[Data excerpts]

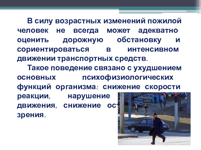 В силу возрастных изменений пожилой человек не всегда может адекватно оценить дорожную обстановку и сориентироваться в интенсивном
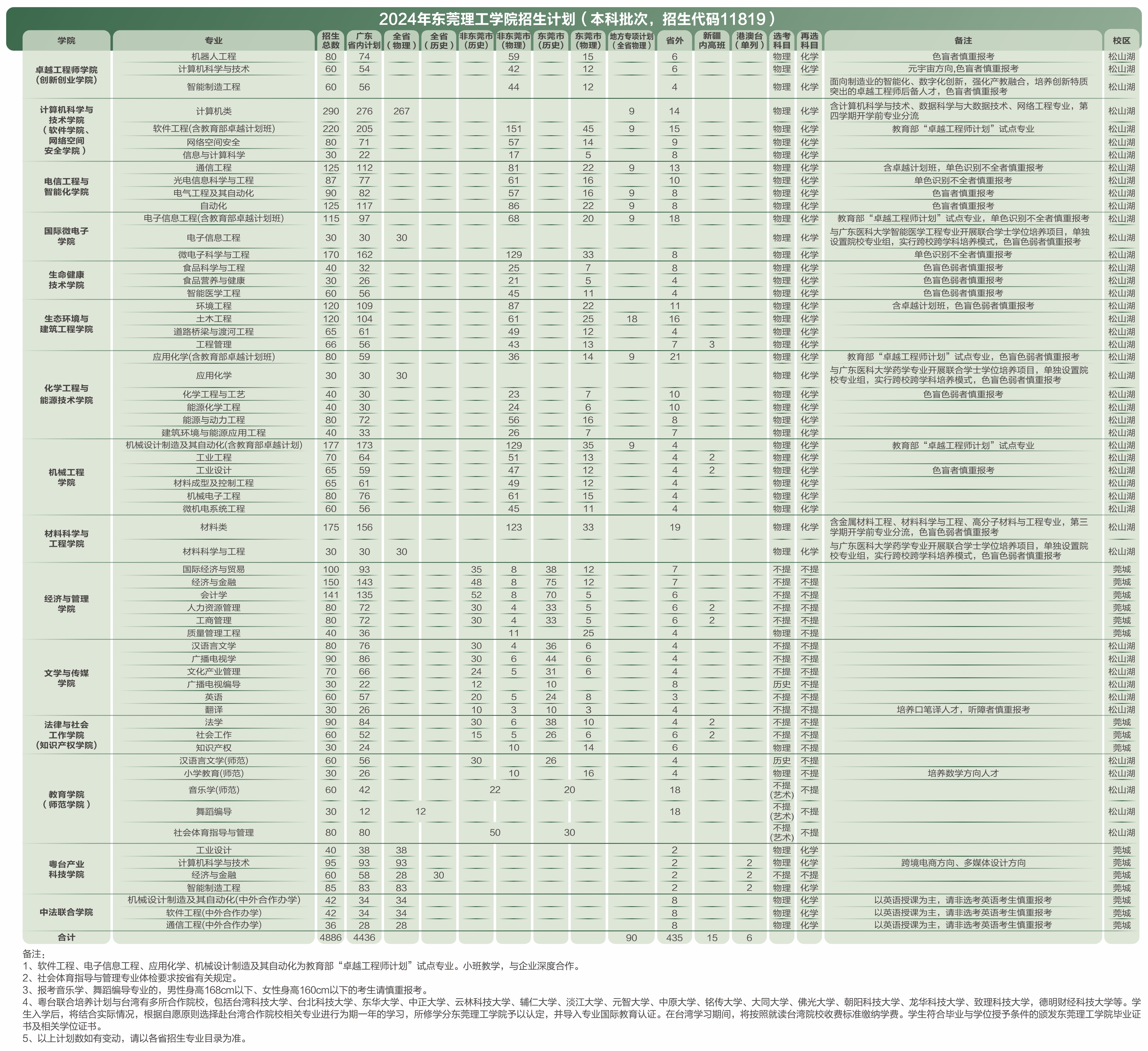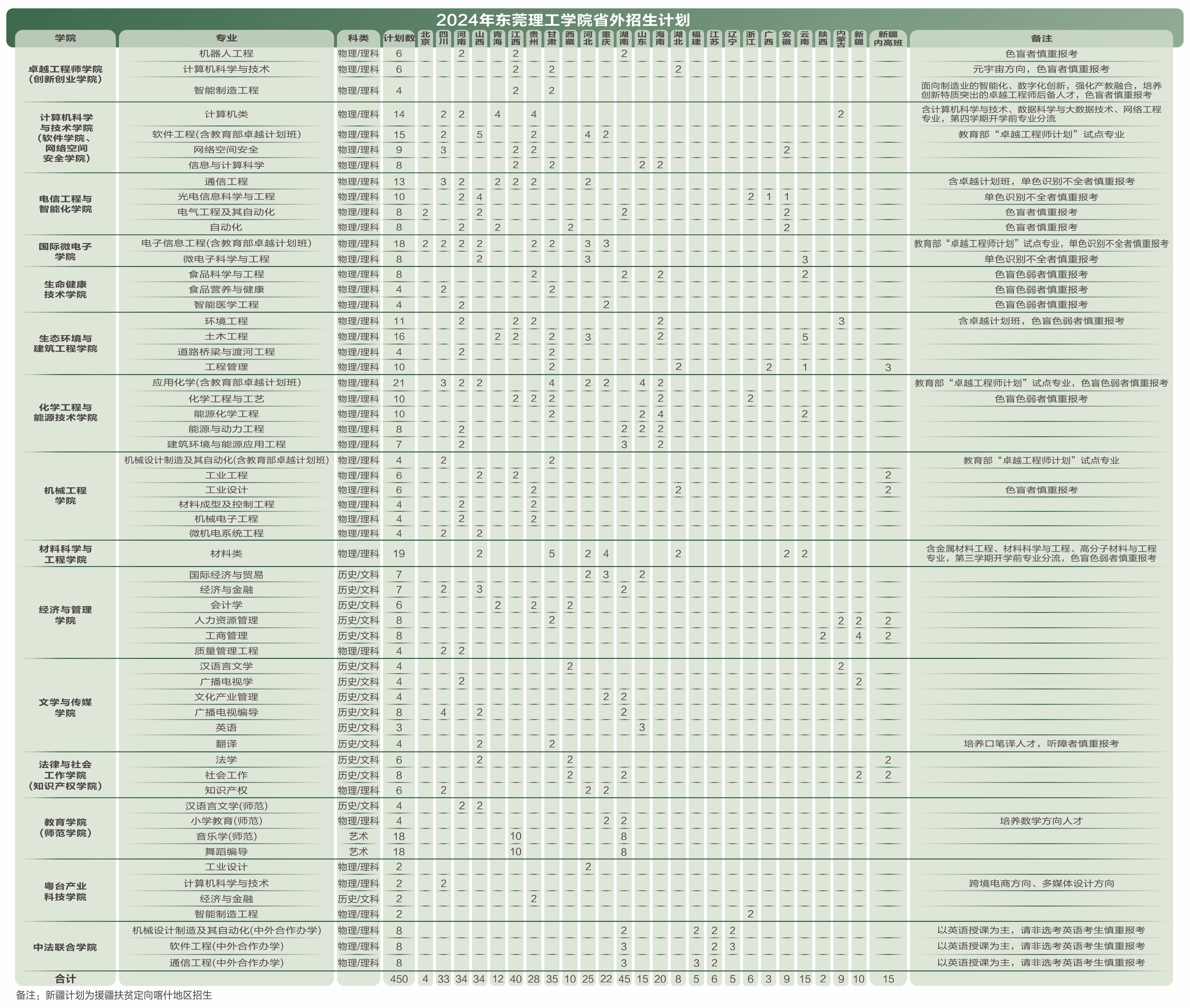 今年,莞工面向广东、北京、江西、海南、贵州、山东、四川、甘肃、河南、河北、重庆、山西、青海、湖南、湖北、广西、安徽、云南、新疆、福建、浙江、陕西、江苏、辽宁、内蒙古、西藏等26个省(自治区、直辖市)拟招生4886人其中广东省内拟招生4436人,广东省外拟招生450人。
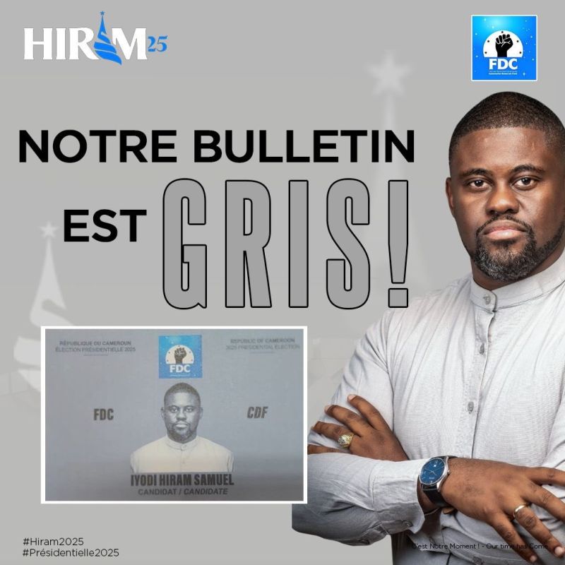 Dans une campagne où les couleurs ont leur langage, Samuel IYODI a choisi le gris comme couleur de son bulletin. Un choix loin d’être anodin : le gris, couleur du ciment, évoque la construction, la cohésion et la solidité. « C’est le ciment qui relie, rassemble et bâtit », affirme-t-il, en écho à sa volonté de fédérer les Camerounais autour d’un projet commun.
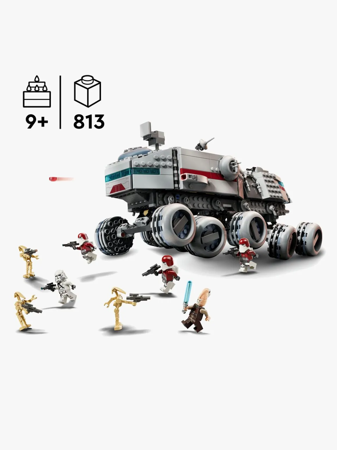 Gør børns kreative oplevelse endnu sjovere med LEGO Builder appen, hvor de kan zoome ind på og dreje en digital 3D-version af Star Wars køretøjet, mens de bygger. Byggesættet indeholder 813 elementer.
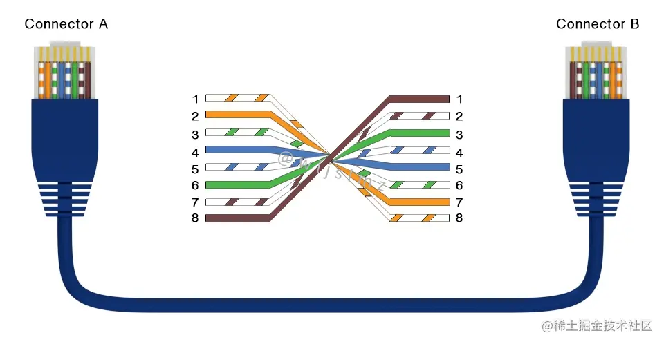 翻转电缆顾名思义,连接器的两端线缆的链接顺序是相反的,连接器 A 的引脚 1 将连接到连接器 B 的引脚 8,连接器 A 的引脚 2 将连接到连接器 B 的引脚 7,依此类推。所以有时候,翻转电缆又被称为:全反电缆。
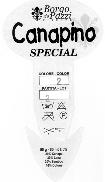 Canapino è ancora un’altra creazione di Gomitoli.com, questa volta con il marchio (toscanissimo) Borgo de’ Pazzi, e conferma la propensione di questa piccola casa pratese ai filati fantasia di grande qualità. Canapino si presenta come un morbido stoppino in una combinazione di lana, acetato di bambù e canapa, che dà il nome all’articolo, morbidamente avvolto da un sottile filo di ciniglia di cotone. La consistenza del gomitolo è soffice, spumosa, molto morbida.
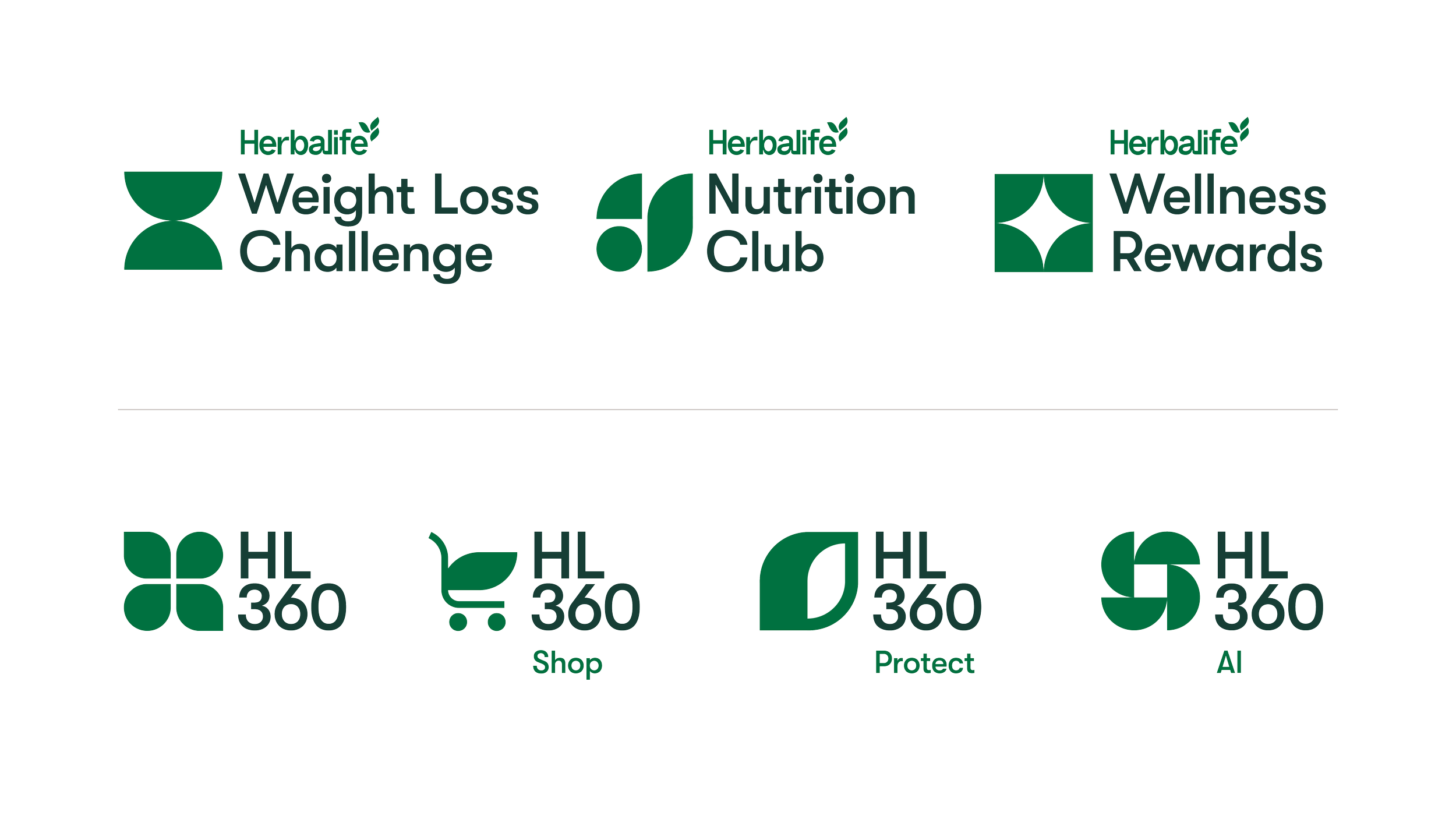 Lockups use a geometric typeface that complements the icon style, with consistent typography across consumer programs and HL360 to keep the system unified. Forest green adds a more premium feel, while garden green reinforces consistency across the broader brand.
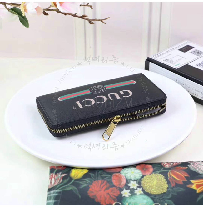 [스페셜오더]GUCCI-496317 8163 구찌 블랙 가죽 Gucci 로고 집 어라운 월릿
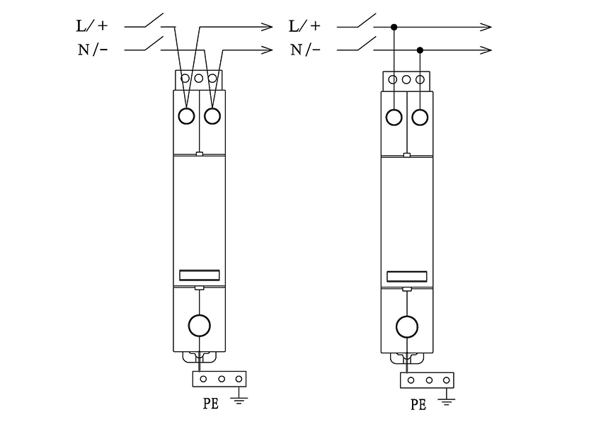 DXH06-F/DC48電涌保護(hù)器,適用于直流48V或-48V電壓系統(tǒng),配電系統(tǒng)以及終端設(shè)備的電涌保護(hù),應(yīng)安裝在防雷區(qū)1(LPZ1)和防雷區(qū)2(LPZ2)的界面處。
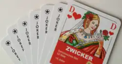 Ursprünglich wurden in diesem Spiel keine Joker verwendet, aber heute ist es eines der wenigen Spiele, das mit bis zu sechs Jokern in einem einzigen Paket gespielt wird. Ab den 1950er Jahren wurden zu diesem Zweck spezielle Zwicker-Pakete hergestellt, zunächst von ASS Altenburger und später auch vom NSV. Letztere Firma produzierte sie bis etwa 2020. Heute sind sie nicht mehr erhältlich und man braucht zwei Pakete Standardkarten mit jeweils 3 Jokern und dem gleichen Rückseitendesign, um die Versionen mit 4 bis 6 Jokern spielen zu können. Wo Joker verwendet wurden, spielen sie eine wichtige Rolle im Spiel und sind normalerweise die wertvollsten Zählkarten. Ein Großteil der Literatur folgt Hülsemann darin, dass keine Joker verwendet werden;[20] bei Grupp und Parlett sind sie optional;[9][3] aber in der Praxis beinhalten alle Berichte von echten Spielern die Verwendung von Jokern, auch wenn ihre Werte variieren.
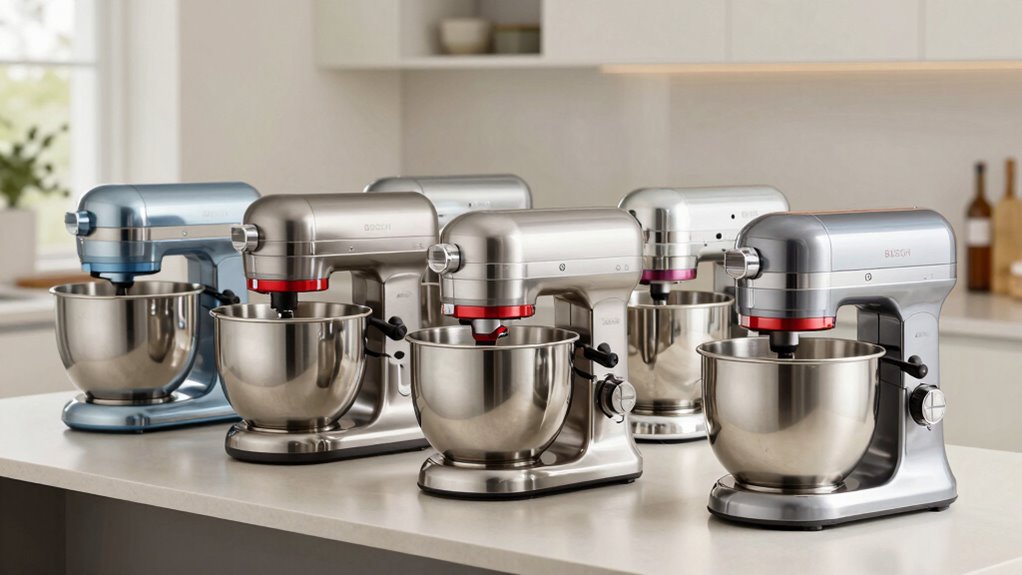 Handling gluten-free bread dough is like maneuvering a tricky dance—requires delicate control. I’ve found these mixers work well for gluten-free recipes, thanks to their powerful motors and sturdy construction. They mix thoroughly without overworking the dough, which is essential for gluten-free bread’s delicate texture. So, if you’re making gluten-free bread, these mixers deliver the gentle yet effective kneading needed for a perfect loaf every time.
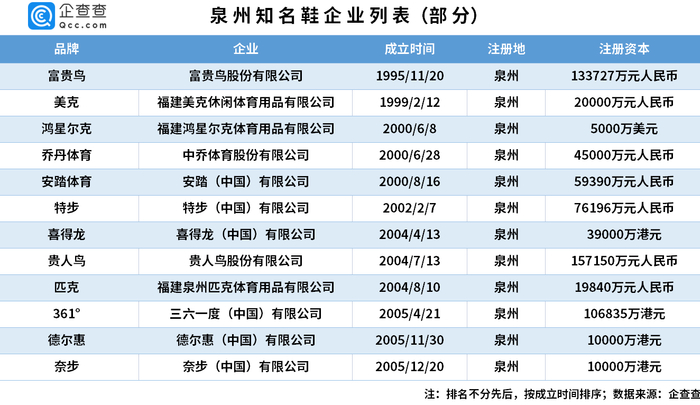 被称为“中国鞋都”的泉州晋江市,曾经承包过一代人的鞋柜。企查查数据显示,我们耳熟能详的知名企业,如安踏、特步、匹克、361°、德尔惠、乔丹、贵人鸟、美克、喜得龙、奈步等12个品牌均在此成立,可以说1995年至2005年是这些品牌创立崛起的黄金十年。其中成立最早的运动鞋品牌有富贵鸟、美克、鸿星尔克等,在众多竞争者中,安踏和乔丹可以说是最脱颖而出的品牌之一,其中安踏体育于2007年7月上市,目前已发展成为国内最大的综合性体育用品企业。
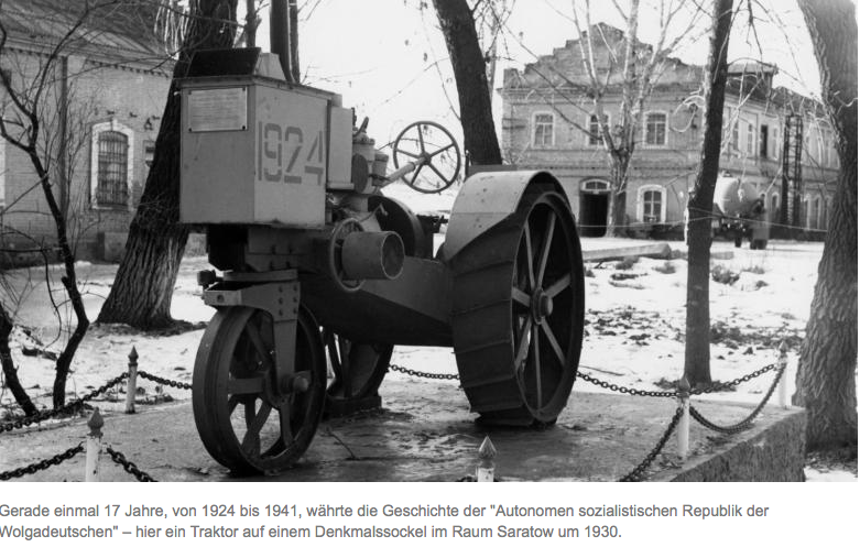 "АССР НП просуществовала лишь 17 лет, с 1924 по 1941. На снимке трактор на постаменте (цоколе) в окрестностях Саратова".
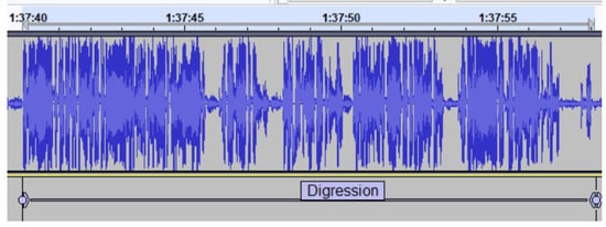Miscellaneous/Pause/Indistinct Chat: As we can see in Figure 2, a Miscellaneous audio segment is identified by the lack of audio signal at the beginning of the recording. Since recordings are scheduled in advance, the scheduled starting time is usually some minutes before the lecture actually begins, and the end of the class may also be a few minutes before the scheduled ending time. Consequently, the recordings contain several minutes where the microphone is off, leaving the recording with muted segments that we defined as Miscellaneous. We defined as a Pause a segment of audio where the lecturer does not speak for more than 2 s. However, during this period of silence, students chat among themselves and, sometimes, they speak loud enough to be captured by the lapel microphone worn by the lecturer. We defined this occurrence as Indistinct Chat. As can be observed in Figure 2, Indistinct Chat is clearly distinguishable from segments where the lecturer speaks, as it happens in Figure 3, in which the teacher makes a digression commenting on some question of a test (see transcription in Table 2), and in Figure 4, in which the words of the teacher are concerned with the organization of the class, particularly, the teacher is announcing a five-minute break (see transcription in Table 3). One can notice the distinction between Indistinct Chat and Digression or Organization by comparing the difference in the amplitude of the corresponding waveforms.
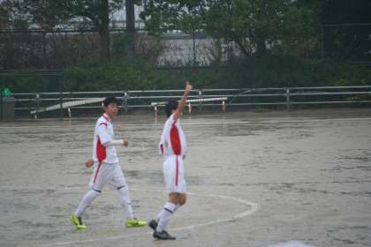 先制ゴールから、約5分後、キャプテンの放ったミドルシュートがキーパーの頭上を越えてゴールに突き刺さりました。
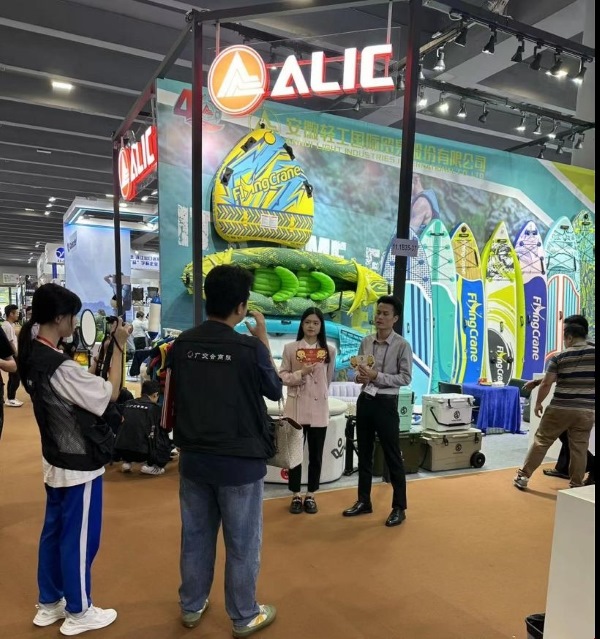 “好寶好妮探廣交”連線展示系列活動源自2021年。廣交會主播們化身勤勞的小蜜蜂“好寶”、“好妮”,帶領(lǐng)境外粉絲沉浸式體驗廣交會,向其展示中國優(yōu)質(zhì)出口企業(yè)和產(chǎn)品,有效促進供采互動。每屆活動吸引超過140萬境外采購商在線觀看,展客商紛紛給予好評。本屆廣交會上,體育攤位再次受邀接受采訪,戶外用品部張世宇憑借豐富的產(chǎn)品知識、流利的英語、優(yōu)秀的外在形象,透過鏡頭向境外采購商介紹充氣滑水板。
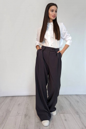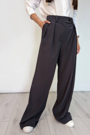Эффектные широкие брюки-палаццо из текстильной ткани выглядят просто роскошно. Стильные, с оригинальным дизайном, и при этом невероятно практичные, они станут идеальным выбором на каждый день, а при удачно подобранном сочетании с воздушными блузами, кашемировыми свитерами или рубашками, позволят блистать и на вечеринке. В таком элегантном образе Вы точно будете неотразимы. Это вечная классика.
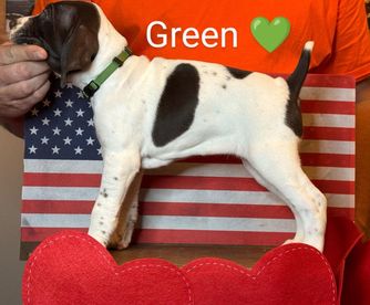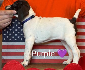 Our puppies include white and liver, liver roan, and liver and white. Colors will vary depending on the parent dogs.

Requirement: What you write out is the stretch of entries from the line containing "Lockups use a" to the line containing "DXH06-F/DC48電涌", word for word, with both end lines and no pictures.

Problem solution:
 Lockups use a geometric typeface that complements the icon style, with consistent typography across consumer programs and HL360 to keep the system unified. Forest green adds a more premium feel, while garden green reinforces consistency across the broader brand.
 [스페셜오더]GUCCI-496317 8163 구찌 블랙 가죽 Gucci 로고 집 어라운 월릿
 DXH06-F/DC48電涌保護(hù)器,適用于直流48V或-48V電壓系統(tǒng),配電系統(tǒng)以及終端設(shè)備的電涌保護(hù),應(yīng)安裝在防雷區(qū)1(LPZ1)和防雷區(qū)2(LPZ2)的界面處。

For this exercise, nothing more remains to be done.